Overseas shipments rose 1.2 percent in October from a year earlier, after a revised 2 percent decline in September, the Ministry of Knowledge Economy said in a statement today. The median estimate in a Bloomberg News survey of 16 economists was for a 0.7 percent decline. Consumer prices rose 2.1 percent last month from a year ago.
South Korea’s industrial production also rose for the first time in four months in September, adding to evidence that Asia’s fourth-largest economy may rebound.
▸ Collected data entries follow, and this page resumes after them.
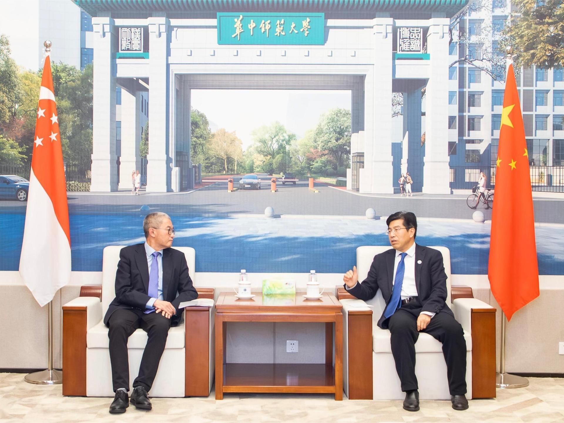 彭双阶对林杉教授来访表示欢迎,并对其专程录制视频祝贺我校120周年校庆表示衷心感谢。他在讲话中分享了学校在数字化和开放化方面的举措,介绍了我校教育数字化建设情况以及取得的成绩,希望林杉能够为我校国际化发展及数学与统计学学院的学科建设建言献策,进一步推动华师与南洋理工大学开展更多领域、更深层次的务实合作,实现共赢发展。
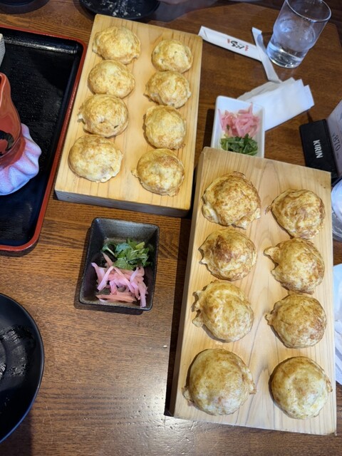 とてもおいしくて4人でたこ焼き2つ、明石焼き3つ、明太チーズたこ焼き1つをオーダーしたら間違えではないな確認されました笑
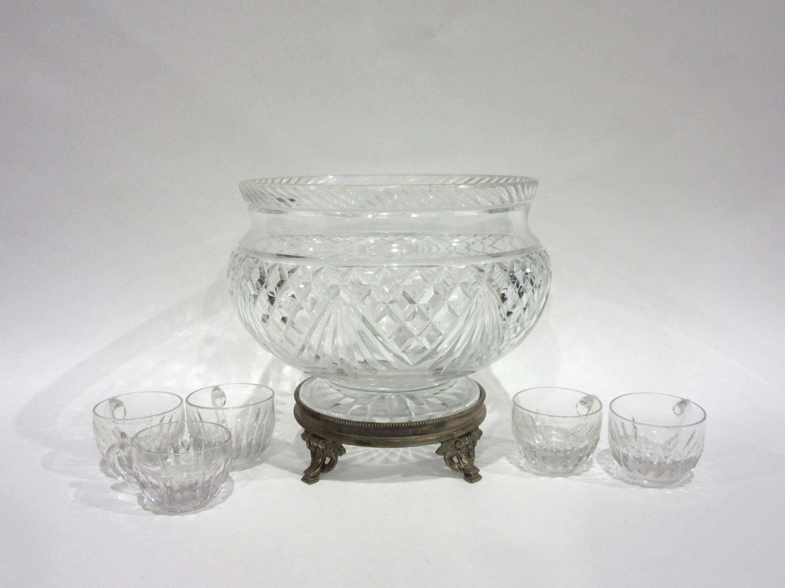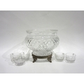 A cut crystal glass table centrepiece/punch bowl raised on footed base, 21cm diameter, together with punch cups
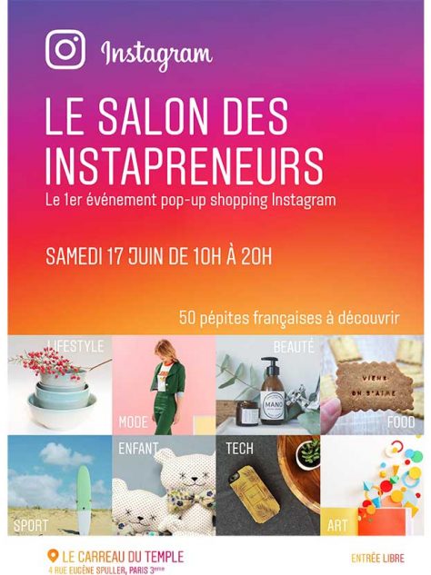 Le réseau social Instagram organise au Carreau du Temple à Paris, le samedi 17 juin 2017, le tout premier salon des Instapreneurs, auprès du grand public. L’objectif d’Instagram est de prolonger l’expérience de la plateforme dans la vraie vie et poursuivre sa mission de rassembler et renforçer les liens de sa communauté autour d’expériences partagées. Un rendez-vous à ne pas manquer, Jim Squires, Head of Instagram Business, y sera présent.
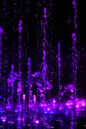 Splashes of fountain. Water illuminated in colorful falling on fountain which change it water color in night. Wonderful multicolored fountain throws up high streams of sparkling water.
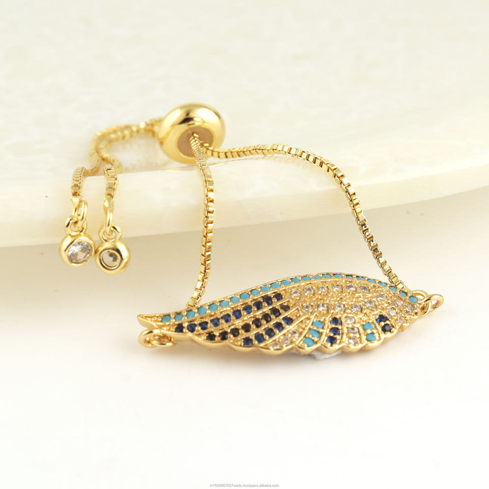 Gold Plated Angel Wing Bracelet Micro Pave Zircon Adjustable Bolo Chain Bracelet Jewelry
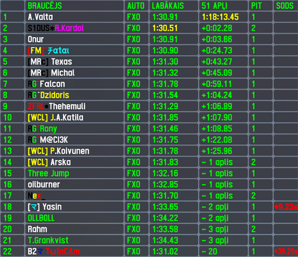 The AWS 2023 standings leader A.Valta was not much seen on the broadcast as he was slowly losing sight to leader during the race while running 2nd,but the with the drama for race leader he just simply took over race lead on last lap and finished 1st to win his debut race in RTFR XL. Since he has chosen to hide his stats in LFSW,the win will be not awarded to any country (goes to "other"). After the finger biting mistake in pitlane,the leader of race's 50 laps R.Kardol rescued 2nd place,scoring his 8th pole position,10th fastest lap of the race and 35th top5 finish,but missed the chance to tie Botsi for all time most wins. Onur started 3rd and finished 3rd - that is his 2nd entry in top5,which is 2 positions better than his 1st entry. Fatal lost a lot of positions in 1st lap,did his mandatory pitstop right after it,rest of the race was just regaining positions to finish 4th - that's the 12th top5 finish for the 2022 RTFR XL standings winner. Texas closed the top5 by scoring his 5th top5 finish,that's his 1st one since 36th RTFR XL
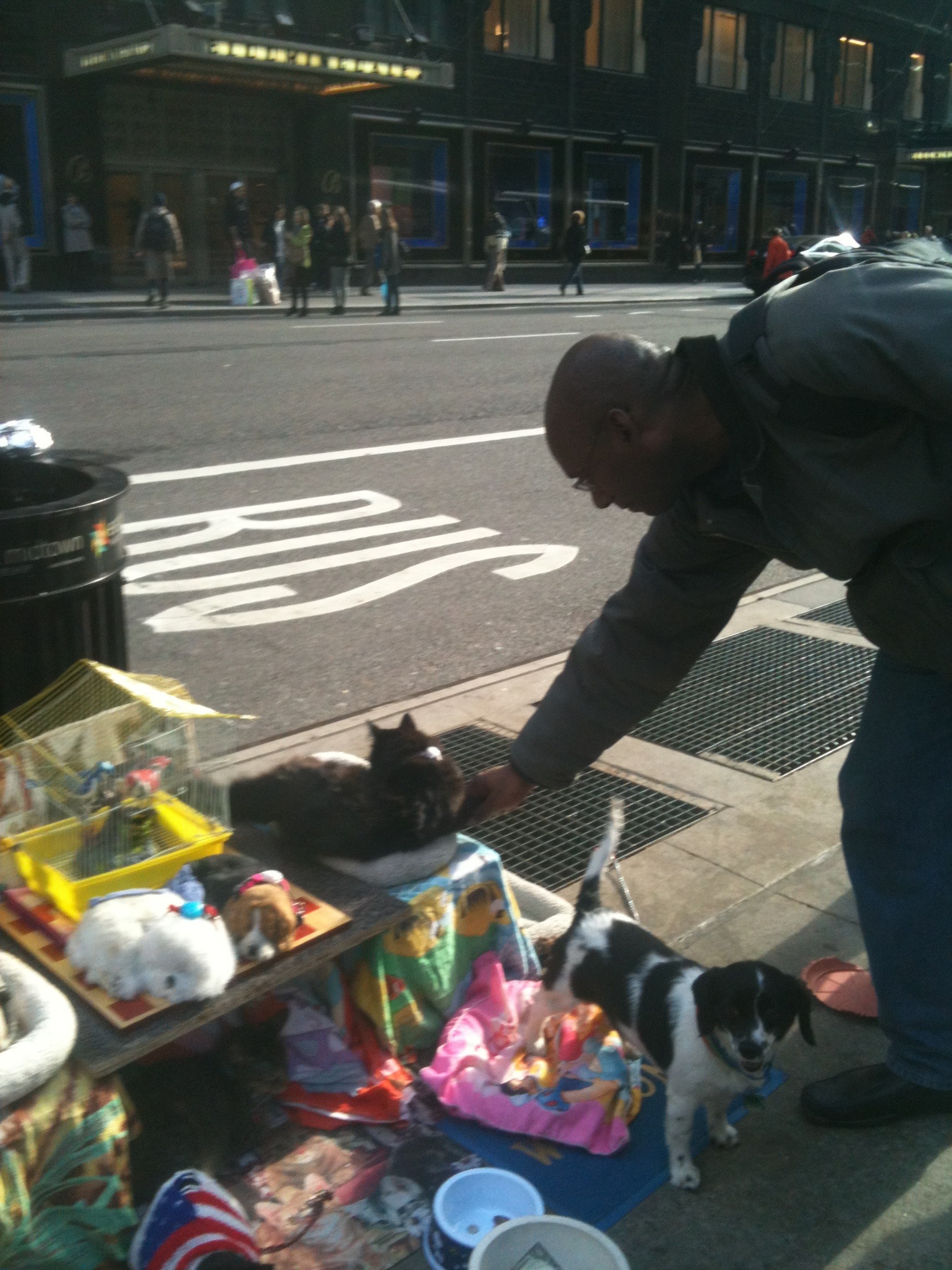Sure enough, just a few moments later, the old man arrived. It appears that he is not trying to sell the pets, just display them to earn more donations in their food bowls. Not a bad idea.
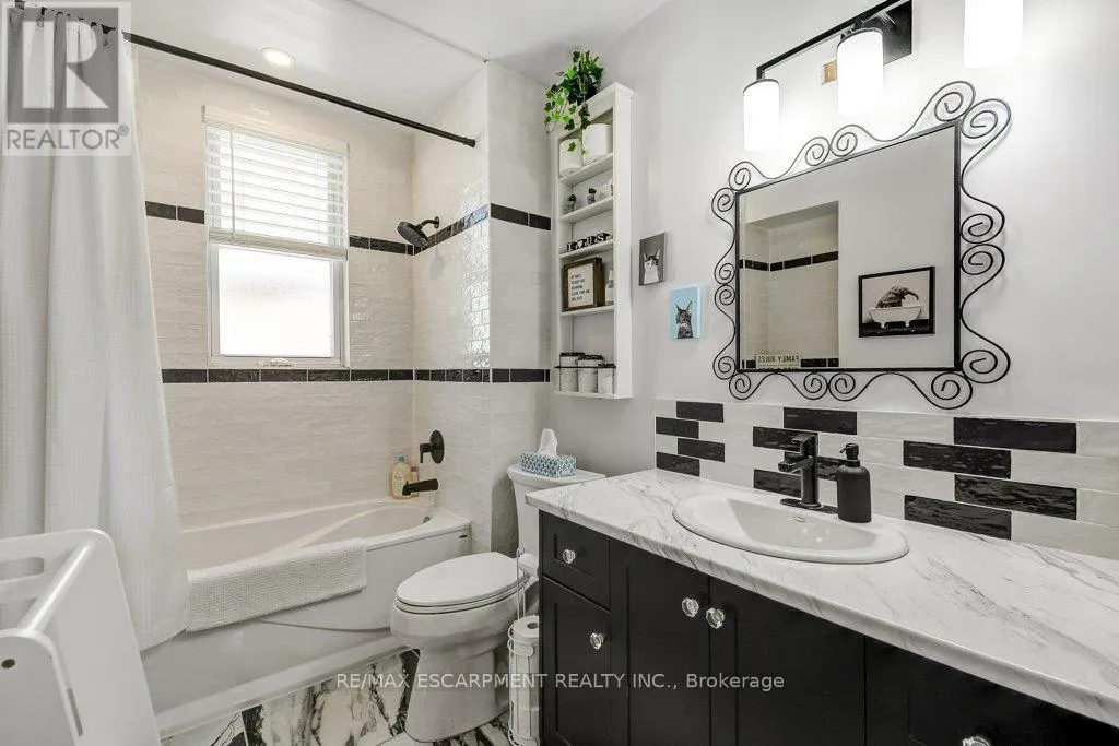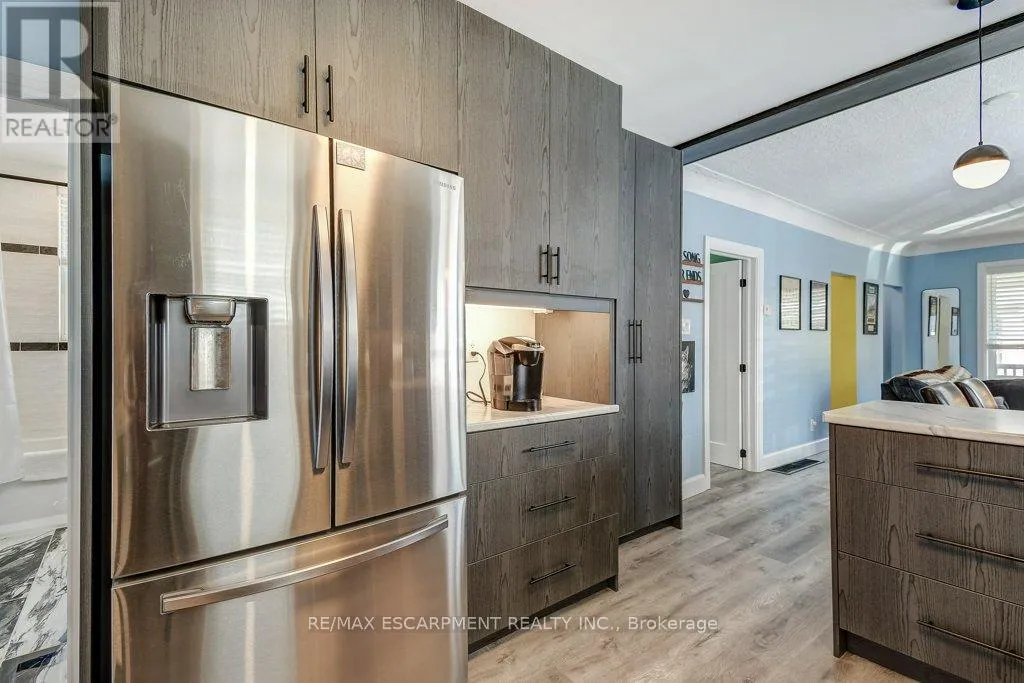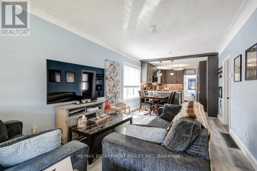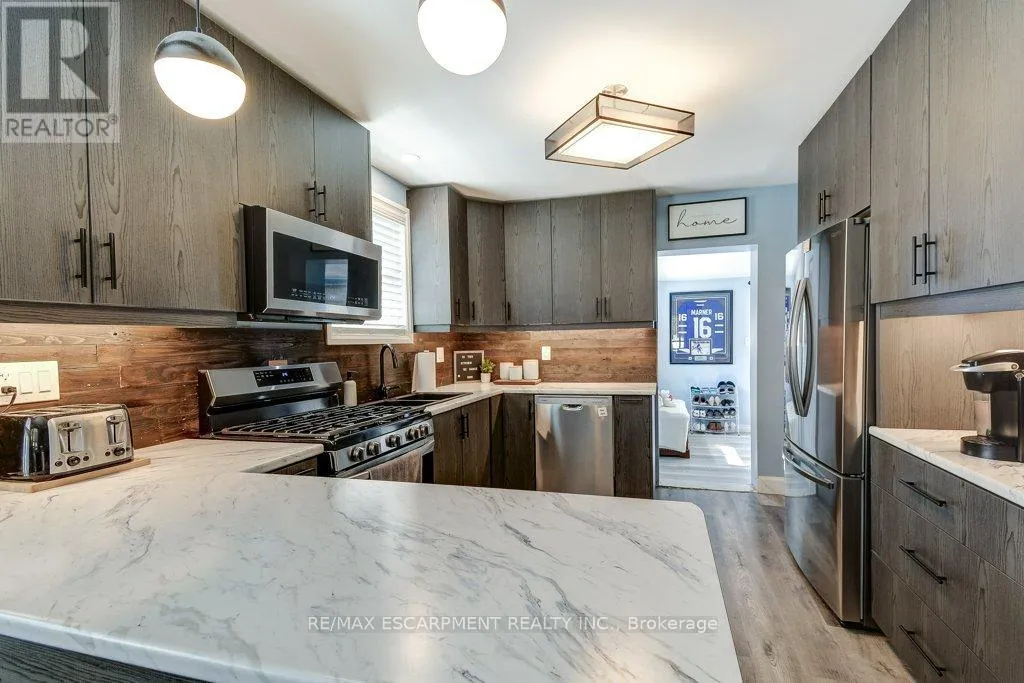 Cross Streets: Concession Street. ** Directions: Concession Street to East 15th. Excellent choice for first time home buyers and downsizers! This 1 1/2 storey home feels cute and cozy but somehow also spacious and open all at the same time. The welcoming front porch will become your favourite place to relax on a summer afternoon while enjoying the beautiful weather and community atmosphere. Featuring an open-concept living room, dining room and kitchen. The kitchen is modern with a window over a double sink, coffee nook, ample cupboard and counter space plus an ice-making fridge, gas stove, dishwasher and built-in microwave. The convenient main floor bedroom is accented with an exposed brick wall. Main level 4 piece renovated bath. The bonus back room has a sliding glass door to a beautiful deck (built in 2022) and backyard for summer bbq's and fun family time. The back room is a versatile space that can be used as a family room or home office with tons of natural light. Upstairs, you will find an impressive finished loft currently used as a bedroom and children's playroom. Most of the renovations were completed between 2021 - 2023: kitchen, bathroom, finished loft, appliances, furnace, air conditioner and roof. This home is conveniently located near several amenities within walking distance: popular Concession Street, Sam Lawrence Park, Inch Park Arena and Outdoor Pool and the beautiful escarpment with a spectacular view of the city. Exceptional location for public transportation. For medical professionals: convenient proximity to all of Hamilton's hospitals, with only a few minutes to travel to Juravinski Hospital/Cancer Centre, General Hospital, St.Joseph's Hospital. (id:27476)
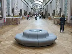 New arrangements after the war revealed the further evolution of taste away from the lavish decorative practices of the late 19th century. In 1947, Edmond Guillaume's ceiling ornaments were removed from the Salle des Etats,[60] where the Mona Lisa was first displayed in 1966.[67] Around 1950, Louvre architect Jean-Jacques Haffner streamlined the interior decoration of the Grande Galerie.[60] In 1953, a new ceiling by Georges Braque was inaugurated in the Salle Henri II, next to the Salle La Caze.[68] In the late 1960s, seats designed by Pierre Paulin were installed in the Grande Galerie.[69] In 1972, the Salon Carré's museography was remade with lighting from a hung tubular case, designed by Louvre architect Marc Saltet with assistance from designers André Monpoix, Joseph-André Motte and Paulin.[70]
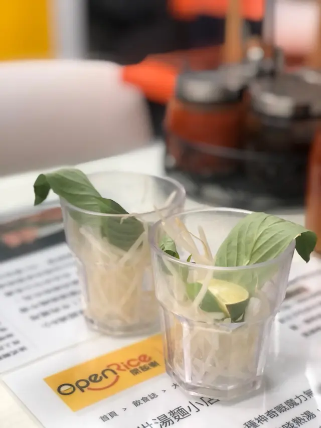 我同朋友各點左一個粉麵,店員隨即每人派咗啲芽菜同香葉,而每張枱都有辣椒,適合唔同人嘅口味。
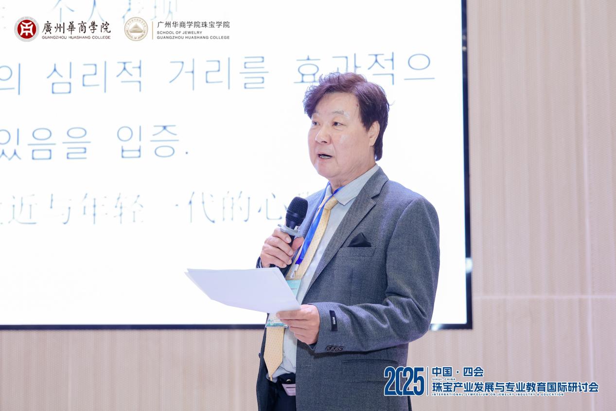 中外专家的专题演讲,为产业发展带来多维前沿洞见。韩国东义大学广告与公关系赵璟燮教授以韩国市场为例,提出珠宝营销需转向"情感化传播"——通过AR虚拟穿戴技术、偶像经济合作等方式拉近与Z世代的距离,让珠宝从"身份象征"转变为"自我表达载体"。缅甸仰光大学(原)地质系主任Day Wa Aung结合丰富的地质图片资料,系统展示了缅甸宝石矿产资源的分布特征与地质成因,详细介绍了该国从金工、玉石切割到3D建模的专业课程体系与矿山实地教学模式,强调宝石学教育在连接高校与企业中的桥梁作用。中山大学地球科学系丘志力教授从"文化四力"构建视角出发,提出翡翠是中国玉文化国际化的优质载体,在跨文化传播中应注重情感共鸣与双向互动,实现从贸易输出到文化认同的跃升。陕西科技大学设计与艺术学院院长刘宗明教授直面产业"审美代际断层"等核心痛点,提出通过设计符号学解码传统玉文化,借助AIGC等数字技术进行创新转译,让玉器遗产真正"活"在当下。郑州大学西亚斯国际学院院长贾仕秋教授直指四会玉器“有产业无品牌”的核心问题,提出以“文化转译”重塑产业价值,主张通过符号解构、数据库建设与时尚创新联盟等路径,系统提升玉器文化附加值与品牌竞争力。最后,四会市宝石协会罗荣俭会长结合产业发展历程,分析了四会翡翠产业的地缘禀赋与跃迁逻辑,为地方特色产业升级提供历史借鉴。
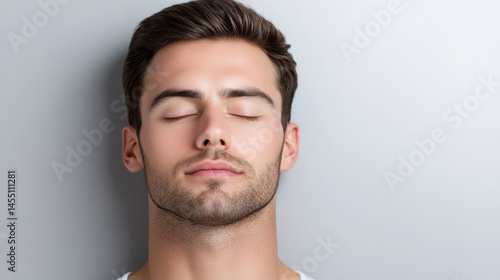 Obraz premium Man with closed eyes appears relaxed against neutral background, showcasing...
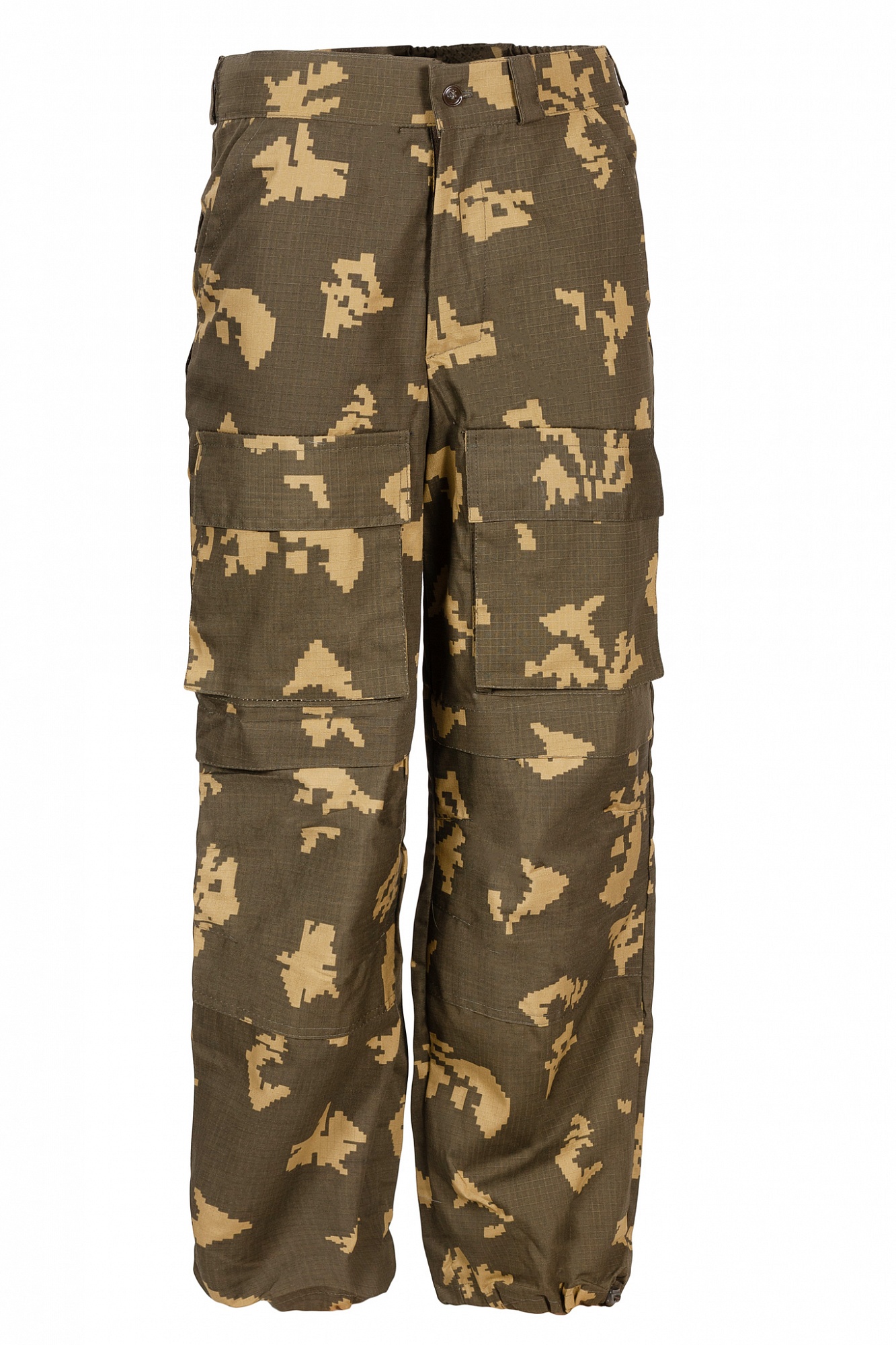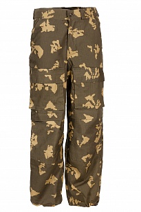Брюки прямого силуэта на поясе. На передних половинках брюк расположены боковые карманы с наклонным входом, ниже расположены накладные объемные карманы с клапаном и наколенники. На задних половинках брюк расположены накладные объемные карманы с клапаном и карманы для инструментов. Ширина брюк по низу регулируется с помощью шляпного шнура.

The Bank of Korea will decide interest rates on Nov. 9, after saying in a report to parliament yesterday that growth momentum is weakening.
“The latest data gives some hope that the economy hit a bottom,” said Kong Dong Rak, a fixed-income analyst at Taurus Investment & Securities Co. in Seoul. “This should give some relief to the central bank next week.”
South Korea’s won was little changed at 9:48 a.m. in Seoul, after reaching a 13-month high yesterday, according to data compiled by Bloomberg. The Kospi stock index fell 0.8 percent.
Exports to Southeast Asian nations rose 21.1 percent in October from a year ago and sales to China gained 5.7 percent, according to today’s report. Overseas shipments to the European Union rose 2 percent, while those to the U.S. declined 3.5 percent.
Imports rose 1.5 percent from a year earlier in October, the ministry said today. The trade surplus was $3.8 billion after a $3.1 billion excess in September.
The nation’s biggest companies have shown resilience, with Hyundai Motor Co. reporting profit that beat analysts’ estimates in the third quarter. Hyundai, South Korea’s largest carmaker, said Oct. 25 it will probably beat its full-year sales forecast as deliveries climb 8.2 percent in the fourth quarter, led by demand in China.
Samsung Electronics Co., the world’s biggest maker of TVs and mobile phones, said Oct. 26 that operating profit from telecommunications more than doubled as its Galaxy brand devices widened their lead over Apple Inc.’s iPhone.
“Things have started to move up in Korea, even if not at full steam yet,” said Ronald Man, a Hong Kong-based analyst at HSBC Holdings Plc. “This momentum would need to be sustained for economic growth to pick up.”
While the nation’s economy expanded at the slowest pace in three years in the third quarter, South Korea’s output rose 0.8 percent in September from August, when it dropped a revised 0.9 percent, Statistics Korea said yesterday. The production data is a sign economic conditions are improving while global uncertainties persist, Finance Minister Bahk Jae Wan said in a statement yesterday.